例如,发送端可以先将第二高分辨率图像转换为第四高分辨率图像,其中,第四高分辨率图像具有第一分辨率。即,第一高分辨率图像的分辨率与第四高分辨率图像的分辨率相同。然后,发送端将第一高分辨率图像中第一像素点的像素值,与第四高分辨率图像中对应于第一像素点的第三像素点的像素值相减,以得到图像残差中的第二像素点残差。
再例如,将第一高分辨率图像转换为第五高分辨率图像,其中,第五高分辨率图像具有第三分辨率。即,第五高分辨率图像的分辨率与第二高分辨率图像的分辨率相同。然后,发送端将第五高分辨率图像中第四像素点的像素值,与第二高分辨率图像中对应于第四像素点的第二像素点的像素值相减,以得到图像残差中的第二像素点残差。相应地,接收端也可以在解码第二码流获取到第二高分辨率图像之后,先将第二高分辨率图像与图像残差合并,以得到第五高分辨率图像。然后,接收端可以对该第五高分辨率图像进行分辨率转换,以得到第三高分辨率图像。至此,发送端将该第一高分辨率图像传输至接收端。
示例性的,接收端可以通过接收端的处理器31将第二高分辨率图像与图像残差合并,以得到第三高分辨率图像。如果不考虑图像编码损失,第三高分辨率图像可能与发送端的第一高分辨率图像相同。如果编码会导致损失,第三高分辨率图像可能与发送端的第一高分辨率图像则不同,会略有损失,可以认为恢复出的第三高分辨率图像大致与第一高分辨率图像相同。
本实施例提供的图像传输方法,发送端可以将待传输的高分辨图像分解为低分辨率图像,以及,用于反映高分辨率图像的低频信息的图像残差进行传输。
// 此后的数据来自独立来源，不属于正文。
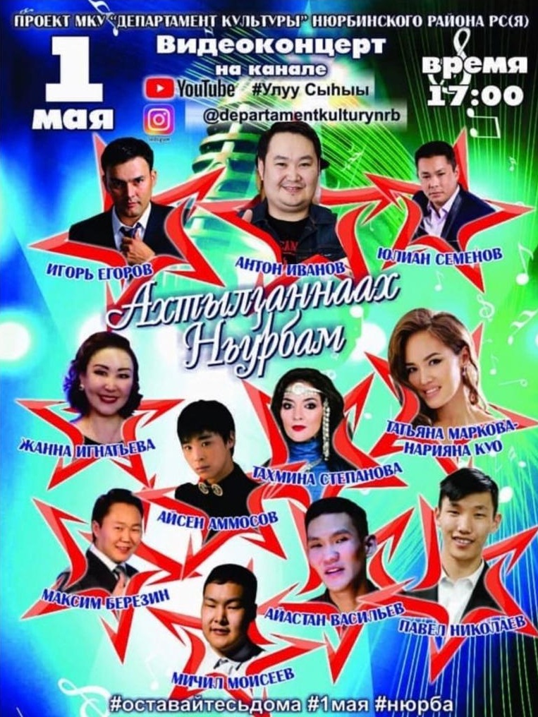Онлайн-кэнсиэр Ньурба улууһун «Култуура департамена» тэрилтэтин бырайыагын быһыытынан ыытыллар. Бырааһынньыктааҕы киэһэни дьиэттэн тахсыбакка, кэнсиэр көрөн, сэргэхсийэн атаарыахха.
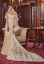 Облегающее свадебное платье с открытыми плечами, но с длинными кружевными рукавами подчеркнет Вашу хрупкость и индивидуальность. Этот оригинальный наряд подчёркивает все достоинства фигуры и зрительно вытягивает силуэт. Возможные цвета: капучино, кремовый, белый.
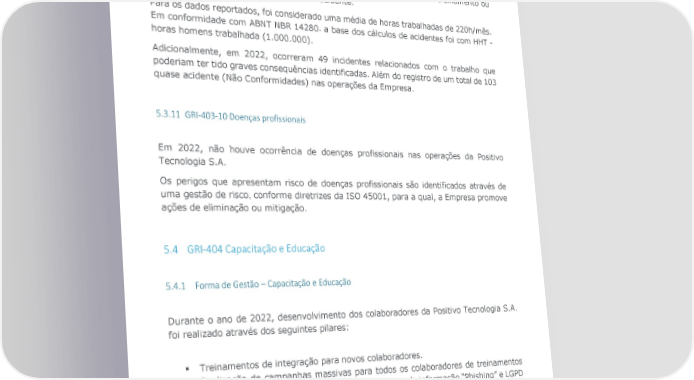 ISO 45001. Com base na gestão de perigos e riscos corporativos da Empresa٫ todos os perigos de nível grave são tratados com princípios de eliminação, porém quando não há possibilidade, são tratados subsequente com a redução, através de controles administrativos ou EPI ‘s. Para todos os acidentes ocorridos é realizado uma investigação para identificação da causa raiz do acidente e elaboração de um plano de ação, podendo este ser um treinamento ou uma correção do ambiente que causou o acidente. Para os dados reportados, foi considerado uma média de horas trabalhadas de 220h/mês. Em conformidade com ABNT NBR 14280٫ a base dos cálculos de acidentes foi com HHT - horas homens trabalhada (1.000.000). Adicionalmente, em 2022, ocorreram 49 incidentes relacionados com o trabalho que poderiam ter tido graves consequências identificadas. Além do registro de um total de 103 quase acidente (Não Conformidades) nas operações da Empresa. 5.3.11 GRI-403-10 Doenças profissionais Em 2022, não houve ocorrência de doenças profissionais nas operações da Positivo Tecnologia S.A. Os perigos que apresentam risco de doenças profissionais são identificados através de uma gestão de risco, conforme diretrizes da ISO 45001, para a qual, a Empresa promove ações de eliminação ou mitigação. 5.4 GRI-404 Capacitação e Educação 5.4.1 Forma de Gestão – Capacitação e Educação Durante o ano de 2022, desenvolvimento dos colaboradores da Positivo Tecnologia S.A. foi realizado através dos seguintes pilares: § Treinamentos de integração para novos colaboradores. § Realização de campanhas massivas para todos os colaboradores de treinamentos de Código de conduta٫ “Compliance” de Segurança da informação “Phishing” e LGPD § Disponibilização de cursos de temas diversos através do portal de desenvolvimento Saber Mais https://sabermais.positivotecnologia.com.br para o autodesenvolvimento (“self-learning”) de todos os colaboradores. § "Drops” de Agilidade - Campanha de treinamentos rápidos sobre metodologias ágeis realizados online (ao vivo) com objetivo de fomentar o tema na organização. Disponibilizado para a participação opcional dos colaboradores. Relatório Referenciado GRI | 2022 65
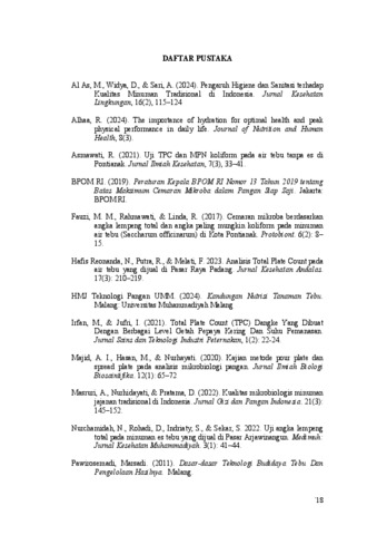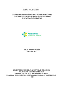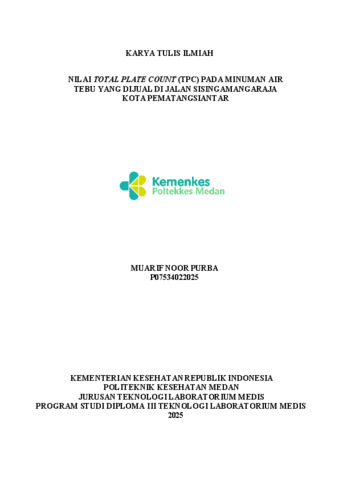 Purba, Muarif Noor (2025) NILAI TOTAL PLATE COUNT (TPC) PADA MINUMAN AIR TEBU YANG DIJUAL DI JALAN SISINGAMANGARAJA KOTA PEMATANGSIANTAR. Diploma thesis, Poltekkes Kemenkes Medan.
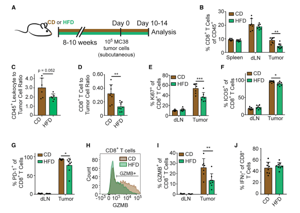 研究人员为揭示肥胖对患有不同类型癌症小鼠的影响,分别为不同组的小鼠提供高脂饮食(high-fat diet,HFD)和对照饮食(control diet,CD)。结果发现高脂肪饮食诱导的肥胖会损害小鼠肿瘤微环境中 CD8+T 细胞的功能,加速肿瘤的生长和进展。
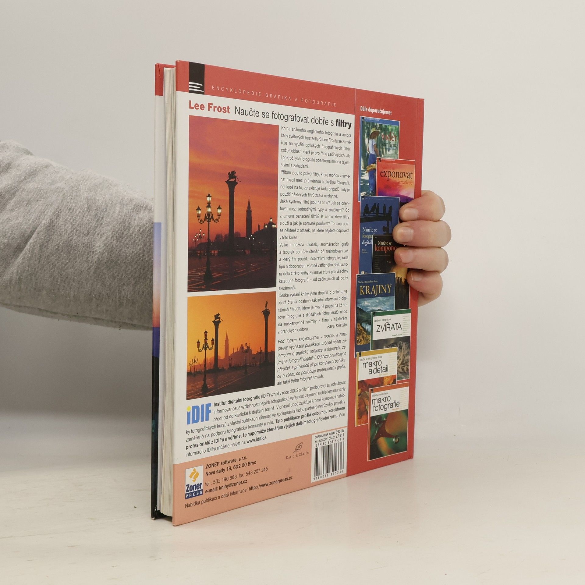 Kniha známého anglického fotografa a autora řady světových bestsellerů Lee Frosta se zaměřuje na využití optických fotografických filtrů, což je oblast, která je pro řadu začínajících, ale i pokročilých fotografů obestřena mnoha tajemstvími a záhadami. Přitom jsou to právě filtry, které mohou znamenat rozdíl mezi průměrnou a skvělou fotografií, nehledě na to, že existuje řada případů, kdy je použití některých filtrů zcela nezbytné. Jaké systémy filtrů jsou na trhu? Jak se orientovat mezi jednotlivými typy a značkami? Co znamená označení filtrů? K čemu které filtry slouží a jak je správně používat? To jsou pouze některé z otázek, na které najdete odpověď v této knize.
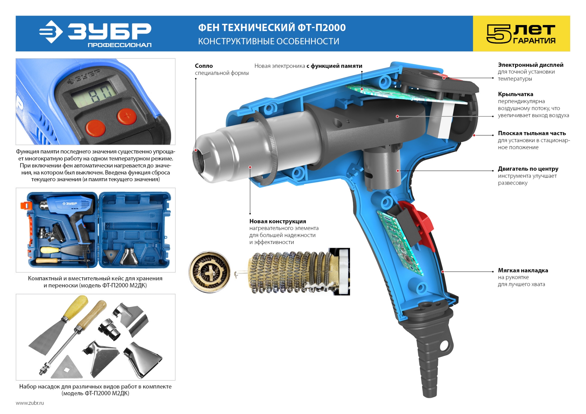 Технический фен ЗУБР ПРОФЕССИОНАЛ ФТ-П2000 М2Д
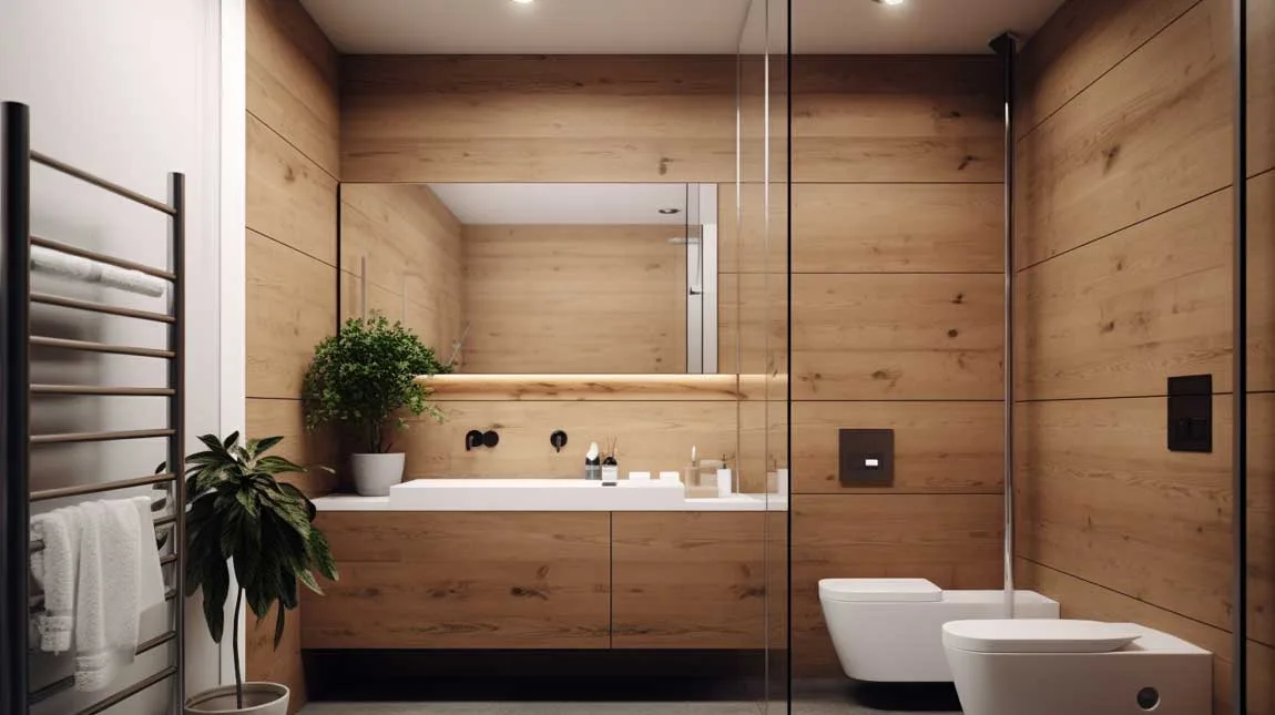 - Mixed Wood Tones: Combine different wood tones to create an elegant and sophisticated design. Light and dark wood panels can be arranged in a geometric pattern, adding visual interest to your modern bathroom.

由于本实施例中用于反映高分辨率图像的低频信息的图像残差的数据量,远小于用于反映高分辨率图像的低频信息和高频信息的图像残差。所以,传输本实施例中用于反映高分辨率图像的低频信息的图像残差所需的传输码率,相比传输用于反映高分辨率图像的低频信息和高频信息的图像残差所需的传输码率会大幅下降。另外,低分辨率图像所需的传输码率也远低于传输高分辨率图像所需的传输码率。因此,本实施例中发送端和接收端之间可以采用较低的传输码率,即可实现高分辨率图像的传输。当该方法应用于传输高分辨率视频时,可以采用较低的传输码率即可实现高分辨率视频的传输,可以满足大部分传输设备所支持的传输码率,从而可以满足实时传输高分辨率视频的应用场景。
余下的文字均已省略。